* [Exercise brief]: Copy exactly, beginning with the line holding "还发展了在学校美食街卖抄手的副业。" and ending with the final line of the data beneath this task; copy nothing else, and leave out every picture.

* [Supplied information]:
'''

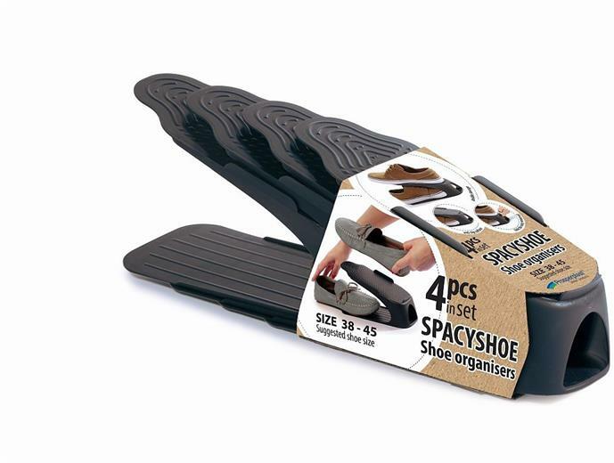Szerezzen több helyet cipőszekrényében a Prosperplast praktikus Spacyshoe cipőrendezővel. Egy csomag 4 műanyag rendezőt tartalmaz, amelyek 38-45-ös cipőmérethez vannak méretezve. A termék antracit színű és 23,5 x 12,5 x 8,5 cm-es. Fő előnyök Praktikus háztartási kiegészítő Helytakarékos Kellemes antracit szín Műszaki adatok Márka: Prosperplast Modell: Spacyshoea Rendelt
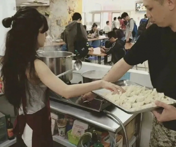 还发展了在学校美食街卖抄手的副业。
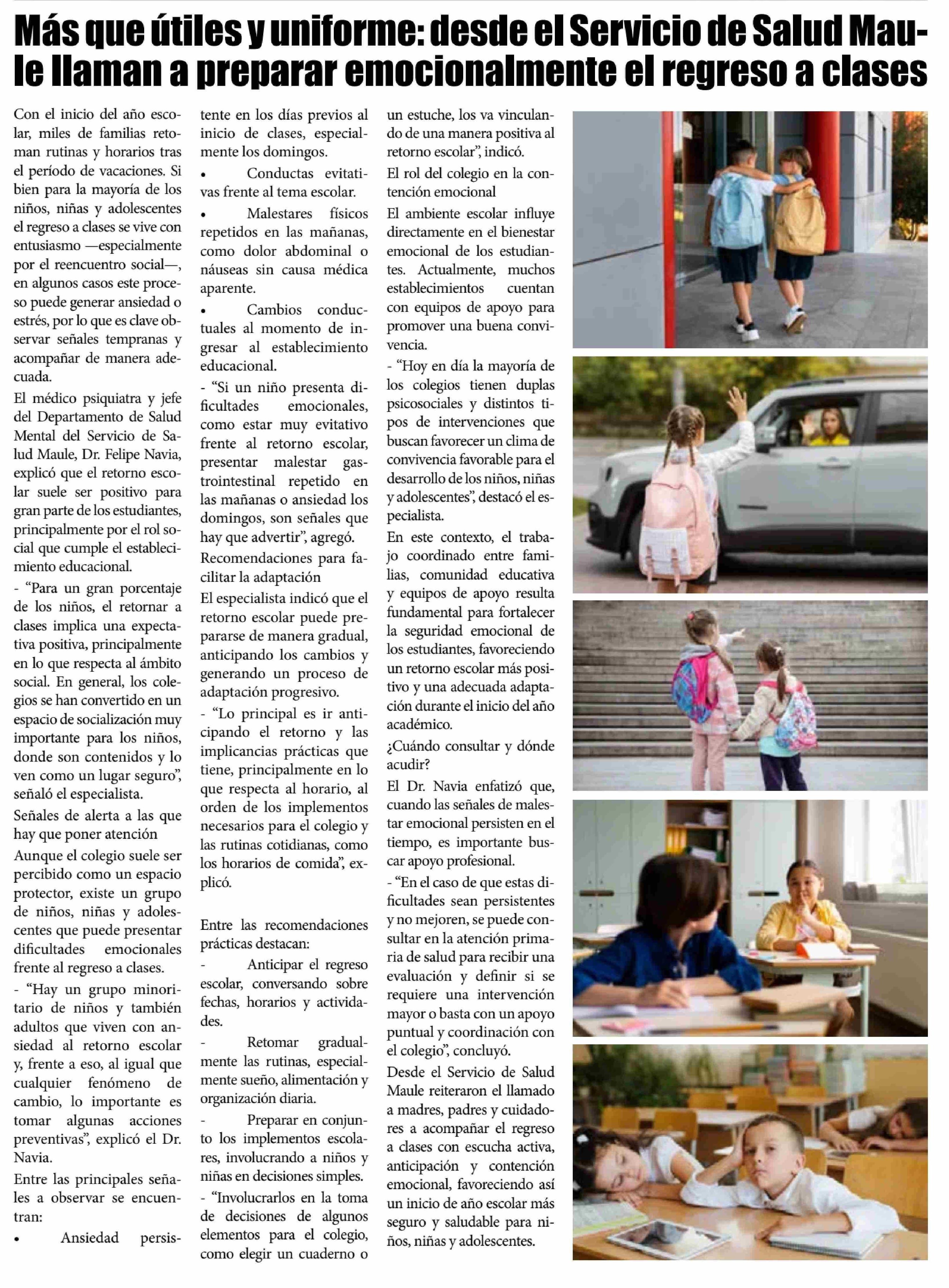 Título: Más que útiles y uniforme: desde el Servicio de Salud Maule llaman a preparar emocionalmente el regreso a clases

'''

* [Task result]:
 还发展了在学校美食街卖抄手的副业。
 Título: Más que útiles y uniforme: desde el Servicio de Salud Maule llaman a preparar emocionalmente el regreso a clases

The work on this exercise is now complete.